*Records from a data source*
──────────────────────────────
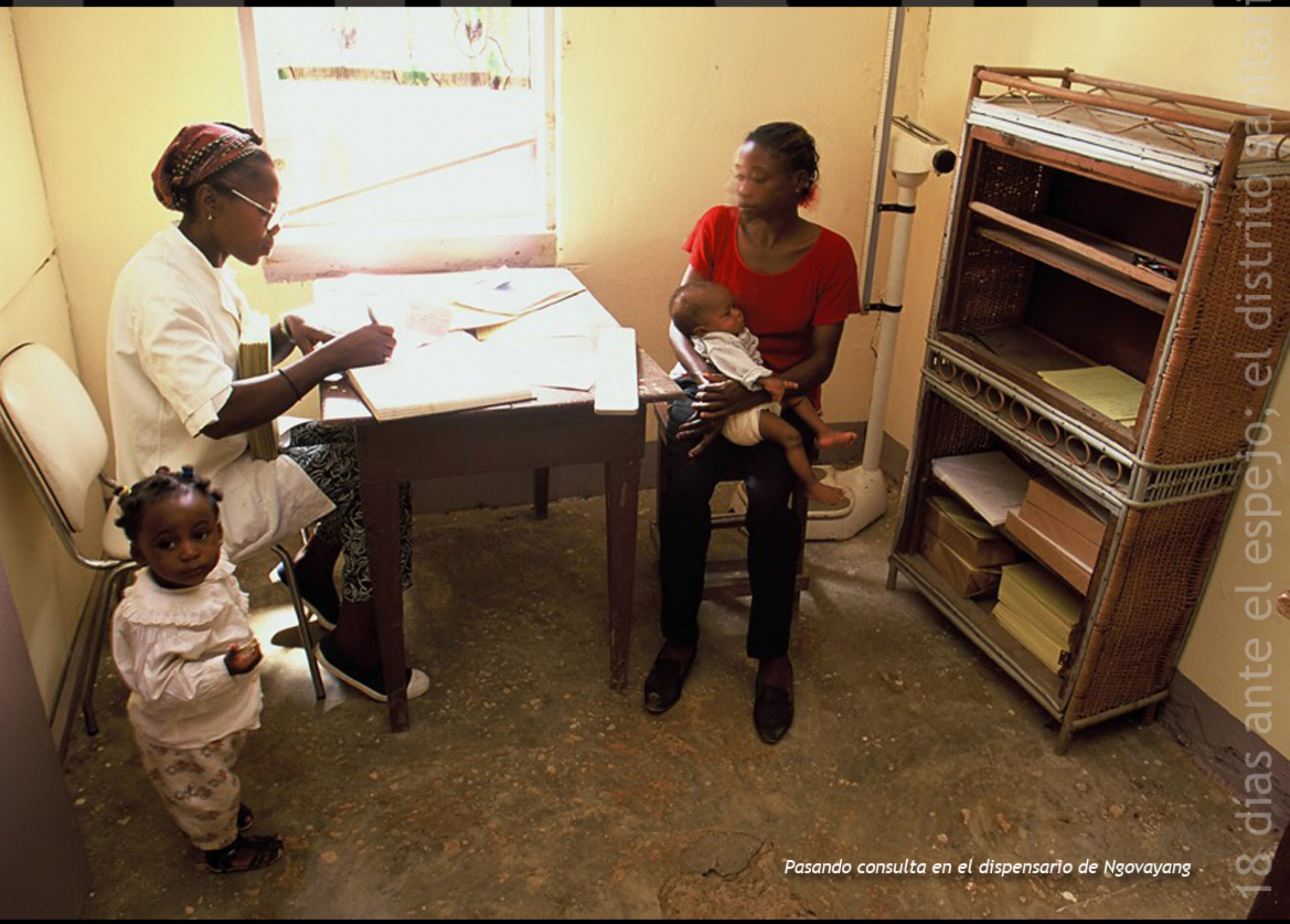
Pasando consulta en el dispensario de Ngovayang

La maxime « mieux vaut prévenir que guérir » trouve tout son sens à Lolodorf. Dans cette région la vaccination évite effectivement beaucoup de décès. Des morts peuvent être évités en rendant l'eau potable ou en participant à la lutte contre le SIDA... Ici plus qu'ailleurs, la prévention est une priorité. Dans ce contexte, la participation de la communauté devient aussi fondamentale qu'inéluctable. Sans une ferme conviction de la nécessité de cette participation, l'amélioration des conditions de vie et de santé des populations est très difficile, voir impossible.
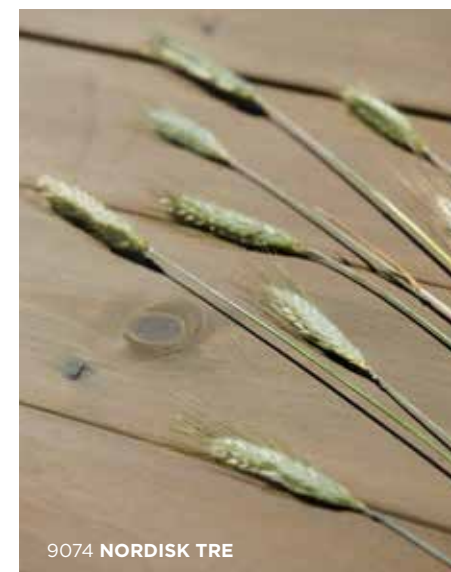
9074 NORDISK TRE
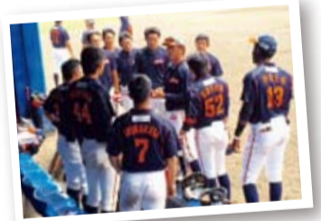
▲7月3日(金)伯和ビクトリーズとの交流戦より

※7月も、他の3球団とのオープン戦他予定しています。詳しくは、公式HPで随時発表していきます。
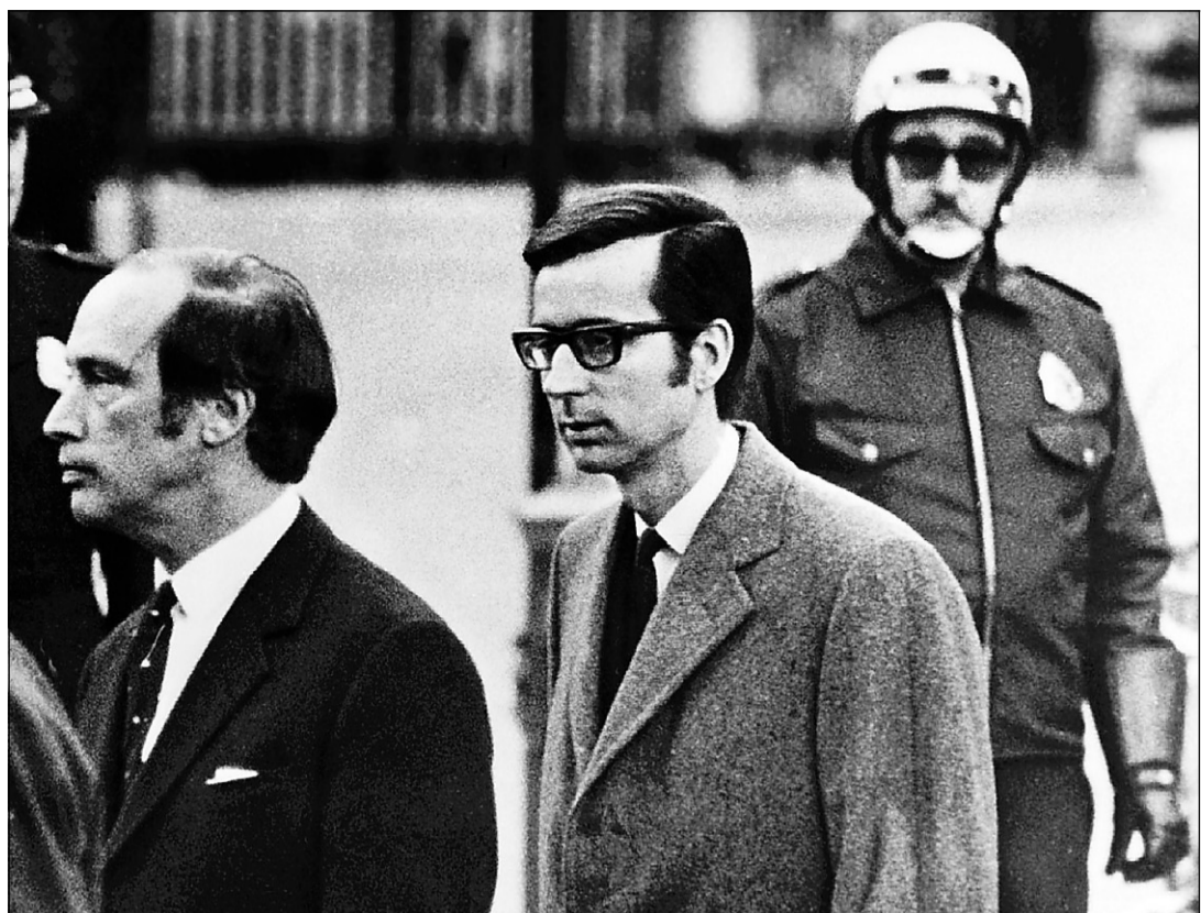
Splendeurs et misères : Jean Lesage, flanqué de ses ministres René Lévesque et Paul Gérin-Lajoie, lors de la réélection de l'équipe libérale en novembre 1962 (photo de gauche) ; Robert Bourassa assiste avec son homologue fédéral Pierre-Elliott Trudeau aux funérailles de son ministre Pierre Laporte, à l'automne de 1970 (photo de droite).
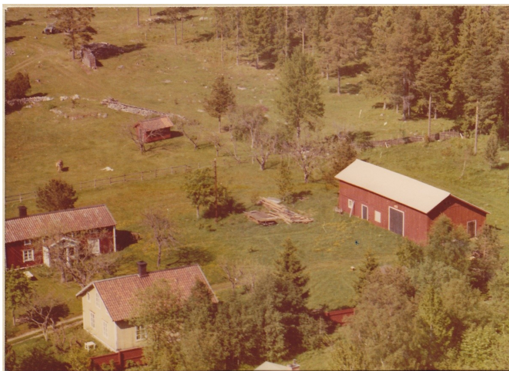
Bilden visar gården med de två fastigheterna och uthus. Bilden är från maj 1966.
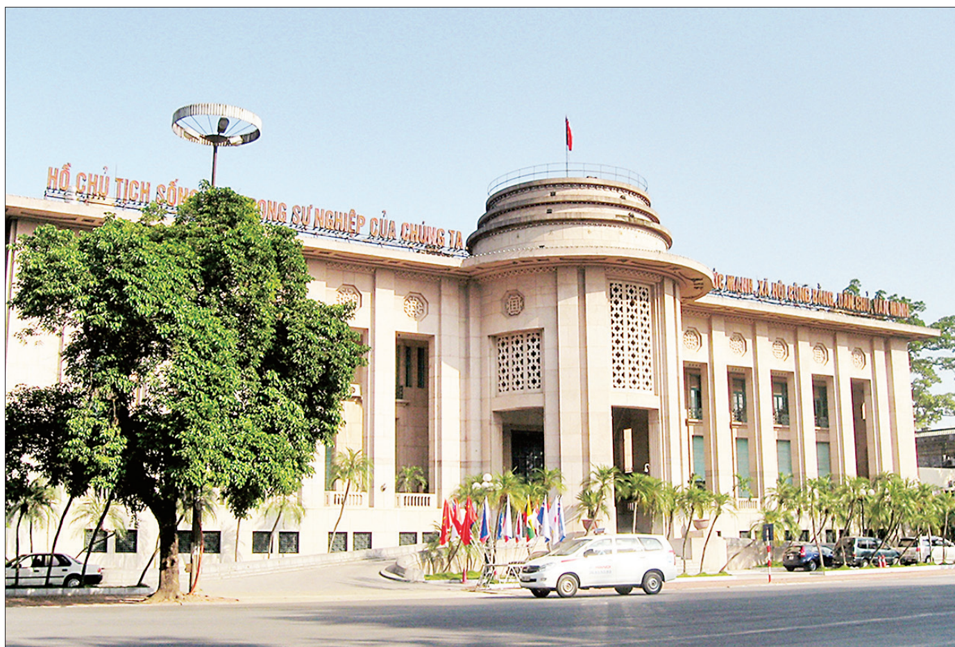
Trụ sở Ngân hàng Nhà nước Việt Nam tại Hà Nội.

Thủ đô Hà Nội được đánh giá là có lợi thế về chính sách và quyết định điều hành kinh tế vĩ mô. Các cơ quan quản lý nhà nước về tài chính, ngân hàng đều đặt trụ sở chính tại đây, tạo điều kiện thuận lợi cho việc xây dựng và triển khai các chính sách tài chính.
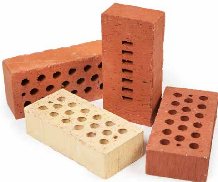
Röd Spånad SNF 19 hål

Övrig tegel- och murverksinfo: se BKR och AMA Hus.
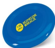
Latający dysk 15 zł
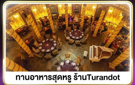
ทานอาหารสุดหรู ภัตตาคาร Turandot
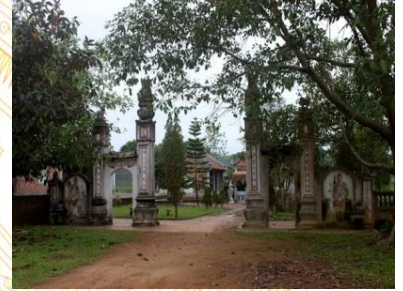
Đền Lãng Suong
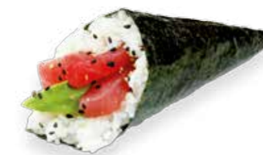
4€50 Thon avocat
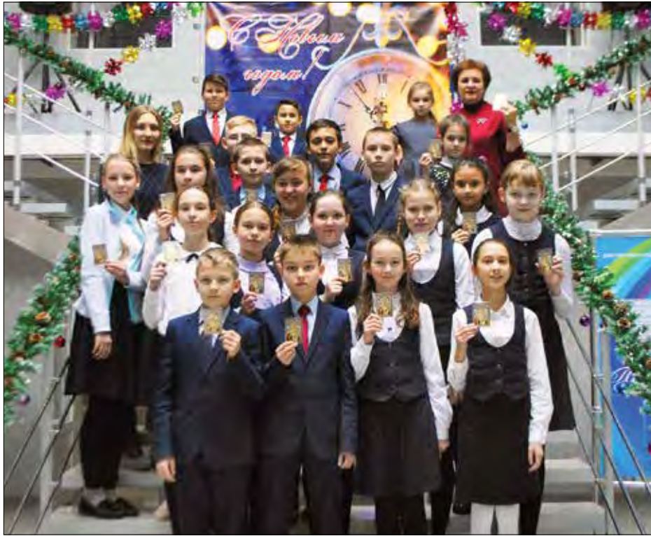
Діти Татарстану з іконочками св. Миколая.
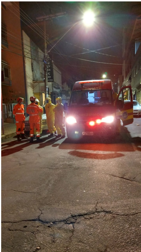
https://foconoticia.com.br/noticia/5749/pacientes-do-hospital-de-campanha-em-lafaiete-sao-transferidos-apos-obra-a-lado-desabar em 05/07/2024 15:28
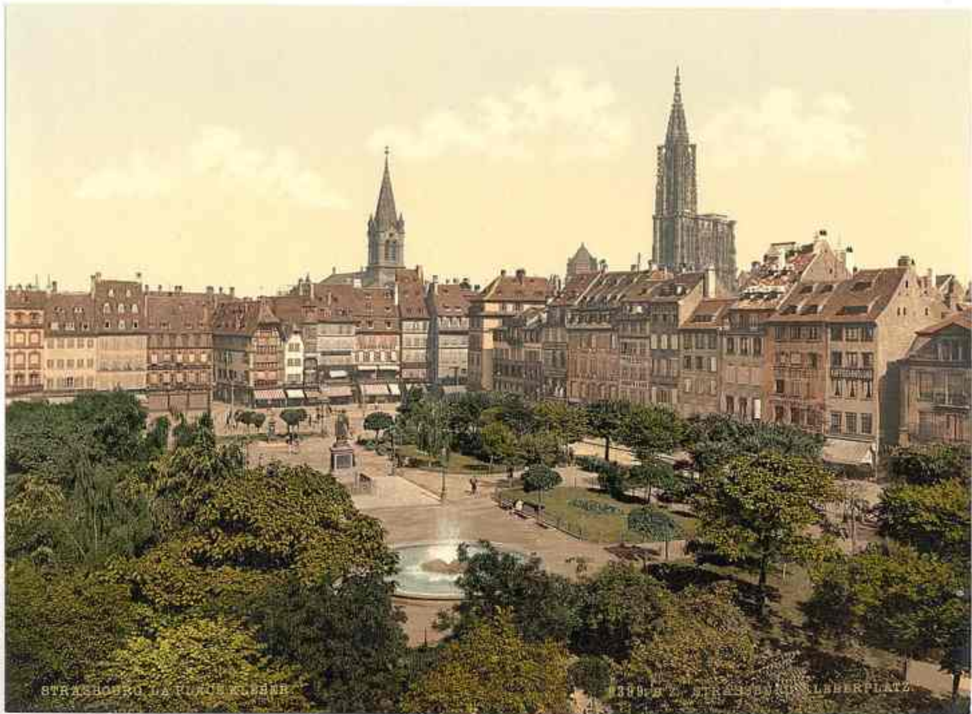
STRASBOURG LA FONTAINE KOENIG
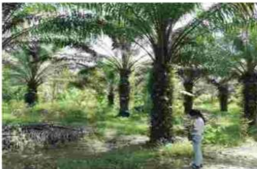
Figura 3. Cultivo de palma aceitera en el centro poblado Libertad.

Abarca unas 9 588,43 ha (2,03% del área). Este cultivo es promocionado por el Programa de Desarrollo Alternativo, con el apoyo de UNODC, DEVIDA y el Gobierno Local, que paulatinamente viene reemplazado al cultivo de hoja de coca con buenos resultados. Las plantaciones generalmente se instalan en terrenos con bosques secundarios (purmas), que anteriormente estuvieron con cultivos de coca. Los centros poblados con mayor abundancia de cultivos de palma son Paujil, Santa Trinidad de Mediación, Boqueron, Río Blanco, Micaela Bastidas, San Pedro Alto, Santa Anita Alta, San Pedro Alto, Pampa Yurac, Mariela, Miraflores y Bajo Shambillo.
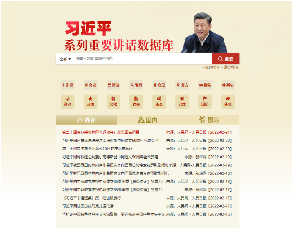
“习近平系列重要讲话数据库”页面截图

1、高质高效完成首要政治任务。2021年，人民网始终把报道好习近平总书记和宣传阐释好习近平新时代中国特色社会主义思想，作为首要政治任务和最重要的政治责任。报告期内，人民网在重点位置推出习近平总书记重要活动、重要讲话报道及解读稿件 5400 余条次，364 篇原创报道被各大网站置顶转发。“习近平系列重要讲话数据库”不断优化升级，累计收录讲话、报道等 11847 篇，累计访问量逾 8.8 亿人次，日均查询量逾 68 万人次。同时，精心做好总书记报道的国际传播，通过 12 个外文语种网站和国际主流社交媒体平台累计发布总书记报道 2.6 万条次。
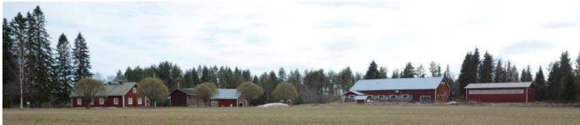
Puustelli Pöljän vanhantieltä. PÖ70_2022-05-10_N7Y_14290
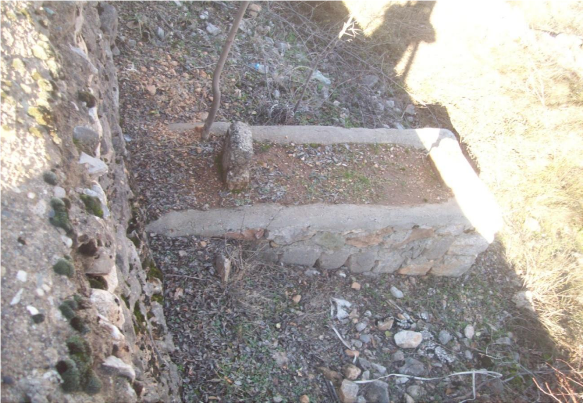
Peygamberimizin okçusu olduğu düşünölen Ebu Muhammed bin Ömer bin El Vakkas'ın mezarı
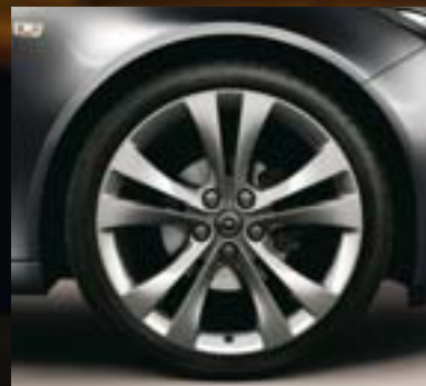
⑩ Leichtmetallrad 8½ J x 20 im 5-Doppelspeichen-Stern-Design, Reifen 245/35 R 20 (Q9U).
──────────────────────────────
*Required work*
Using the records above, return word for word the lines that begin at the one containing "Thủ đô Hà Nội" and end at the one containing "em 05/07/2024 15:28", both of them included and no pictures.

*Answer for this exercise*
Thủ đô Hà Nội được đánh giá là có lợi thế về chính sách và quyết định điều hành kinh tế vĩ mô. Các cơ quan quản lý nhà nước về tài chính, ngân hàng đều đặt trụ sở chính tại đây, tạo điều kiện thuận lợi cho việc xây dựng và triển khai các chính sách tài chính.
Röd Spånad SNF 19 hål

Övrig tegel- och murverksinfo: se BKR och AMA Hus.
Latający dysk 15 zł
ทานอาหารสุดหรู ภัตตาคาร Turandot
Đền Lãng Suong
4€50 Thon avocat
Діти Татарстану з іконочками св. Миколая.
https://foconoticia.com.br/noticia/5749/pacientes-do-hospital-de-campanha-em-lafaiete-sao-transferidos-apos-obra-a-lado-desabar em 05/07/2024 15:28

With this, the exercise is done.